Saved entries
....................
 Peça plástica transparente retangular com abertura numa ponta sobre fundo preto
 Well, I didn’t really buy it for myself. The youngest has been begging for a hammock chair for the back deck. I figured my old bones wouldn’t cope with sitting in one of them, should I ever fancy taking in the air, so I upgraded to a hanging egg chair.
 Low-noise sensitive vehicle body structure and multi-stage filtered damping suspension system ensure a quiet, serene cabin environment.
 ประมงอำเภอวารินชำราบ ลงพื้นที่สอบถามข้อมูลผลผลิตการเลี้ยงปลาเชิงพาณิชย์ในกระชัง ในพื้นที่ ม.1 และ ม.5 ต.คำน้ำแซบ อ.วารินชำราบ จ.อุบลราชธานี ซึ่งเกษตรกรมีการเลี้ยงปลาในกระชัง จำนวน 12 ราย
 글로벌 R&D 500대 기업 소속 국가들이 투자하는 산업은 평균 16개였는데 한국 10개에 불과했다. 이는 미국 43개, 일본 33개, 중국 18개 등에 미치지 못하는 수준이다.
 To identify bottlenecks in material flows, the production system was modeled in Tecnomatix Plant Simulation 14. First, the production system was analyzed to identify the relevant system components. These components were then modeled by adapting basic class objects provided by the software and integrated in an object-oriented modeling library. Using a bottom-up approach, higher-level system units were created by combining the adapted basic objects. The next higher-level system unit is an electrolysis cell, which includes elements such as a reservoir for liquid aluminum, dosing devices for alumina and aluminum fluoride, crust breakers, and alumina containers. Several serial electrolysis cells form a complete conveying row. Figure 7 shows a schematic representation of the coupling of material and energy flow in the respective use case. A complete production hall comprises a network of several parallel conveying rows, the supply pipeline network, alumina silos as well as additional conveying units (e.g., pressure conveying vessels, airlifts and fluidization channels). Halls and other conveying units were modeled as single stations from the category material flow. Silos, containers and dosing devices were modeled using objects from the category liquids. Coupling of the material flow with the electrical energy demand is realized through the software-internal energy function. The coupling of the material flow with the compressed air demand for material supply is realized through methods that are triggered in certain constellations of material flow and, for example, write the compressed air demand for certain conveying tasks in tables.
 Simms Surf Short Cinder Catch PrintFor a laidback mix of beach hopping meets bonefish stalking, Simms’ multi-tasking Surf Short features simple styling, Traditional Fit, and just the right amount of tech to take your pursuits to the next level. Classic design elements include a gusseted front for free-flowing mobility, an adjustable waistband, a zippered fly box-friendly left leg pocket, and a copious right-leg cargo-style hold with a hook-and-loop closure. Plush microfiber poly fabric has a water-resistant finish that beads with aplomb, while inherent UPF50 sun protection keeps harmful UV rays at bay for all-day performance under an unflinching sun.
....................
### Exercise aim
Copy each record from above without leaving any out.

### Written response
 Peça plástica transparente retangular com abertura numa ponta sobre fundo preto
 Well, I didn’t really buy it for myself. The youngest has been begging for a hammock chair for the back deck. I figured my old bones wouldn’t cope with sitting in one of them, should I ever fancy taking in the air, so I upgraded to a hanging egg chair.
 Low-noise sensitive vehicle body structure and multi-stage filtered damping suspension system ensure a quiet, serene cabin environment.
 ประมงอำเภอวารินชำราบ ลงพื้นที่สอบถามข้อมูลผลผลิตการเลี้ยงปลาเชิงพาณิชย์ในกระชัง ในพื้นที่ ม.1 และ ม.5 ต.คำน้ำแซบ อ.วารินชำราบ จ.อุบลราชธานี ซึ่งเกษตรกรมีการเลี้ยงปลาในกระชัง จำนวน 12 ราย
 글로벌 R&D 500대 기업 소속 국가들이 투자하는 산업은 평균 16개였는데 한국 10개에 불과했다. 이는 미국 43개, 일본 33개, 중국 18개 등에 미치지 못하는 수준이다.
 To identify bottlenecks in material flows, the production system was modeled in Tecnomatix Plant Simulation 14. First, the production system was analyzed to identify the relevant system components. These components were then modeled by adapting basic class objects provided by the software and integrated in an object-oriented modeling library. Using a bottom-up approach, higher-level system units were created by combining the adapted basic objects. The next higher-level system unit is an electrolysis cell, which includes elements such as a reservoir for liquid aluminum, dosing devices for alumina and aluminum fluoride, crust breakers, and alumina containers. Several serial electrolysis cells form a complete conveying row. Figure 7 shows a schematic representation of the coupling of material and energy flow in the respective use case. A complete production hall comprises a network of several parallel conveying rows, the supply pipeline network, alumina silos as well as additional conveying units (e.g., pressure conveying vessels, airlifts and fluidization channels). Halls and other conveying units were modeled as single stations from the category material flow. Silos, containers and dosing devices were modeled using objects from the category liquids. Coupling of the material flow with the electrical energy demand is realized through the software-internal energy function. The coupling of the material flow with the compressed air demand for material supply is realized through methods that are triggered in certain constellations of material flow and, for example, write the compressed air demand for certain conveying tasks in tables.
 Simms Surf Short Cinder Catch PrintFor a laidback mix of beach hopping meets bonefish stalking, Simms’ multi-tasking Surf Short features simple styling, Traditional Fit, and just the right amount of tech to take your pursuits to the next level. Classic design elements include a gusseted front for free-flowing mobility, an adjustable waistband, a zippered fly box-friendly left leg pocket, and a copious right-leg cargo-style hold with a hook-and-loop closure. Plush microfiber poly fabric has a water-resistant finish that beads with aplomb, while inherent UPF50 sun protection keeps harmful UV rays at bay for all-day performance under an unflinching sun.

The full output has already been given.